Today, it makes more financial sense for such a company to outsource its R&D to a start-up, which the established company then buys with its own (highly) appreciated stock.
Not only does the company fatten its bottom line that way (“$1 million saved is $1 million earned??”), but, through the magic of stock market alchemy, it has much more valuable currency — its own stock — to go on a spending spree.
Market Multiple Alchemy
A concrete example illustrates why.
Per above, assume the company formerly spent $25 million annually on expensive R&D.
Now, further assume that the company meets Wall Street’s definition of a fast-grower, and is awarded a suitably lofty multiple of earnings, like 50 times.
That means each million of earnings translates into $50 million of market capitalization.
Stock Market Darling
If the established company buys a start-up with its own appreciated stock, the only cost is negligible equity dilution —
negligible because the acquiring company is such a market darling, and therefore need only carve off a thin slice of itself to afford the start-up.
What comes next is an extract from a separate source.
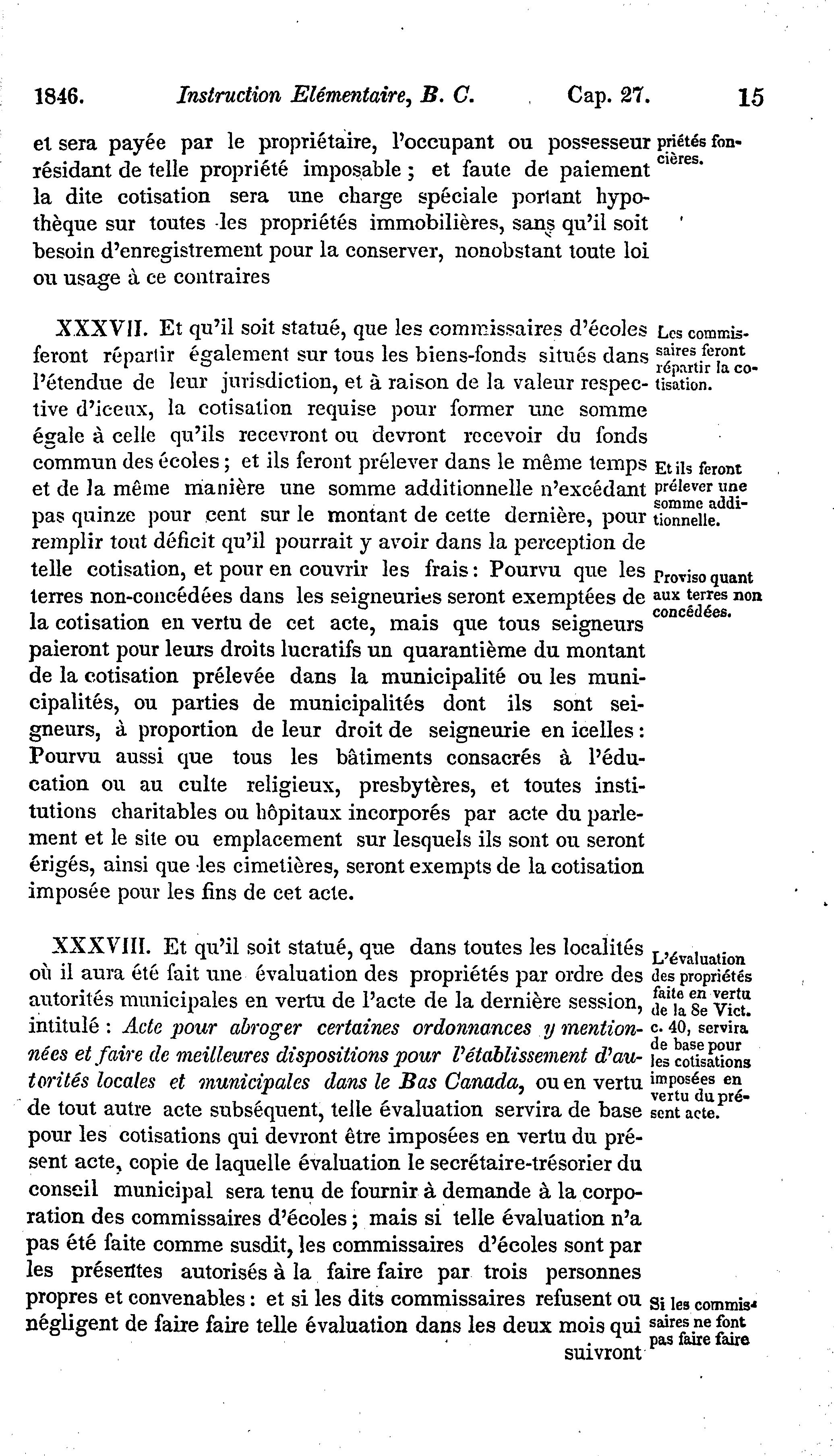 Actes pour promouvoir l'éducation dans le Bas-Canada.

So, even if the public company bought the start-up for a rich $500 million in stock, if its own market cap is an equally inflated $20 billion (Uber’s is now $40 billion(!), and it hasn’t even had an IPO yet), that’s only 2.5% dilution.
Overpaying for Acquisitions? Maybe Not
What did that $500 million price tag really cost the company?
The true accounting cost (vs. cash outlay) to the acquirer to buy a start-up for $500 million in stock was only $10 million.
That’s less than half what it would have cost the acquiring company to do the same R&D internally.
In fact, given that the acquiring company co-opted what might eventually have become a competitor, you could effectively call it killing two birds with one stone (sorry — I’ll now return to the original metaphor).
Creating Gold — or Lead?
If it all sounds a little too good to be true, that’s because it usually is.
Consider Broadcast.com founder (and very timely seller) Mark Cuban, who received and promptly sold $3 billion in Yahoo! stock for his company.
If Cuban instead held onto his Yahoo! stock for just six months, he likely wouldn’t own an NBA team today: Yahoo’s stock promptly collapsed.
The other cautionary tale is the now infamous AOL – Time Warner hookup around the same time.
Mesmerized by AOL’s loft market valuation (and “new era” cred), Time Warner unwisely agreed to a merger of equals when the vastly smaller (but fast-growing) AOL was deemed to be worth the same as Time Warner.
Shareholders of the newly-combined company promptly discovered otherwise.